_How to complete this task_.
What are the lines, word for word, from the line with "Premium Quality Washed" up to and including the line with "A partir desta" in the records below? Omit the pictures.

_Data to process_.
* * *
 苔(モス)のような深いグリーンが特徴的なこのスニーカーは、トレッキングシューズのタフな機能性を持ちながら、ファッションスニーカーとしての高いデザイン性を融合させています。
* * *
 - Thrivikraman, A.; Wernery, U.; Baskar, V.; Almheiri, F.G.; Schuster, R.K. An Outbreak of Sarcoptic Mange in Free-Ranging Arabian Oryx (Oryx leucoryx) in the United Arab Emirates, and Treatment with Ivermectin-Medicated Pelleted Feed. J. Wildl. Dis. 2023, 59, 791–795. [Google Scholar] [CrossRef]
* * *
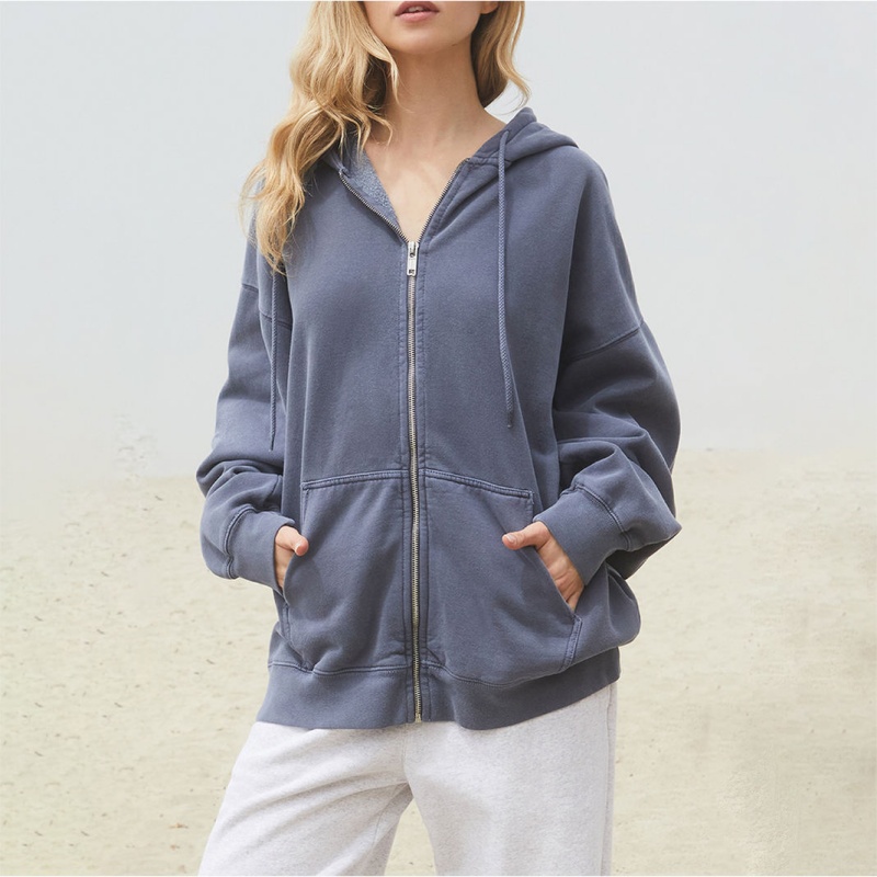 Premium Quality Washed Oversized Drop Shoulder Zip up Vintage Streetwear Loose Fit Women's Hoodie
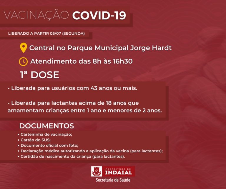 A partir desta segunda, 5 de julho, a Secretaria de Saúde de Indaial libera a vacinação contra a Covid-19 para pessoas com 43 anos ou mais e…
* * *
_Expected output_.
 Premium Quality Washed Oversized Drop Shoulder Zip up Vintage Streetwear Loose Fit Women's Hoodie
 A partir desta segunda, 5 de julho, a Secretaria de Saúde de Indaial libera a vacinação contra a Covid-19 para pessoas com 43 anos ou mais e…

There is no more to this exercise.